Task objective:
Skip the pictures and restate, word for word, the lines from the one containing "这是因为 Element 里会判断此时的" to the end of the data below.

Input data:
----------

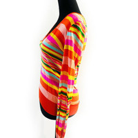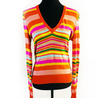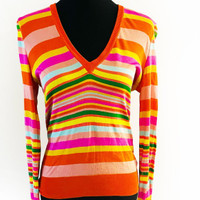 Beautiful Dolce & Gabbana rainbow striped soft and silky v-neck sweater blouse. Gorgeous colors are very light and can be worn all year round. There is a slight snag in the fabric, which can be fixed. I included an image of it: no fading or pilling. Beautiful sweater. Size: 42 (US 6) Measurements: Height 25 in Shoulders 17 in Flat Breast 17 in Flat waist 16 in Flat Material: 100% Viscose Condition: NOT NEW * Small snag size of a needle. PLEASE SEE IMAGE Color: No fading
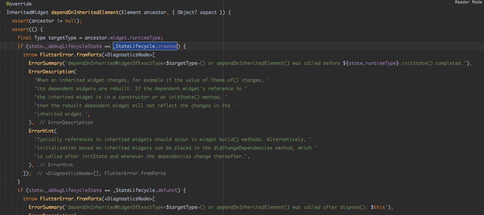 这是因为 Element 里会判断此时的 _StateLifecycle 状态,如果此时是 _StateLifecycle.created 或者 _StateLifecycle.defunct ,也就是在 initState 和 dispose ,是不允许执行 of(context) 操作。
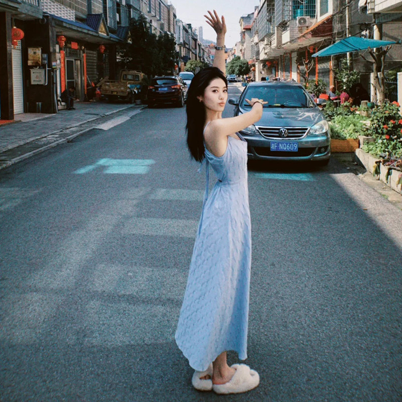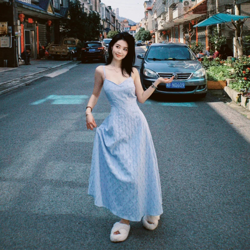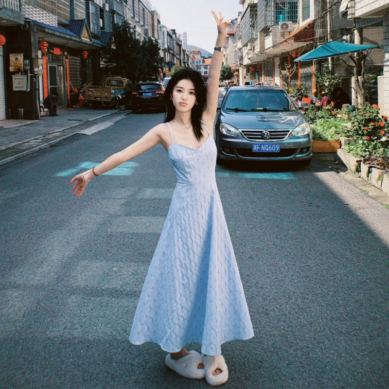 Синее летнее платье без рукавов, длинная юбка, подходит для подростков, с открытой спиной, французский стиль
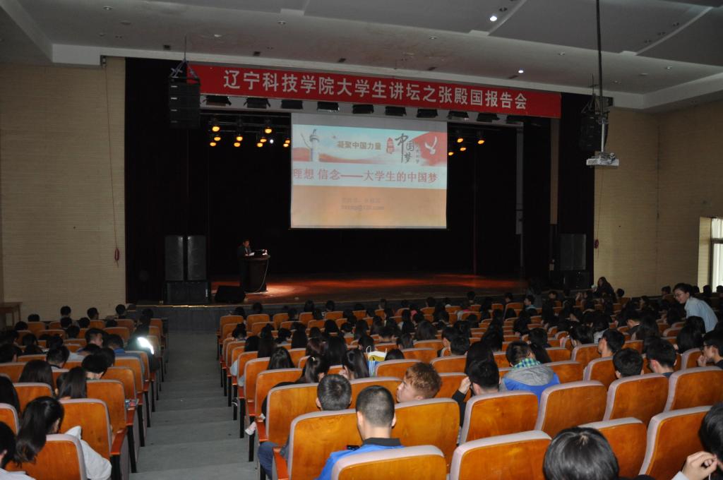 4月23日下午,辽宁科技学院大学生讲坛之张殿国专题报告会在艺术楼大学生活动中心成功举行。我校思想政治理论课教研部张殿国老师做客本期讲坛,做了题为《理想信念——大学生的中国梦》精彩报告,各院系辅导员、班主任老师,学生工作处人员和800余名学生一同听取了报告会。报告会由学生工作处副处长刘广春主持。

----------

Answer to the problem:
 这是因为 Element 里会判断此时的 _StateLifecycle 状态,如果此时是 _StateLifecycle.created 或者 _StateLifecycle.defunct ,也就是在 initState 和 dispose ,是不允许执行 of(context) 操作。
 Синее летнее платье без рукавов, длинная юбка, подходит для подростков, с открытой спиной, французский стиль
 4月23日下午,辽宁科技学院大学生讲坛之张殿国专题报告会在艺术楼大学生活动中心成功举行。我校思想政治理论课教研部张殿国老师做客本期讲坛,做了题为《理想信念——大学生的中国梦》精彩报告,各院系辅导员、班主任老师,学生工作处人员和800余名学生一同听取了报告会。报告会由学生工作处副处长刘广春主持。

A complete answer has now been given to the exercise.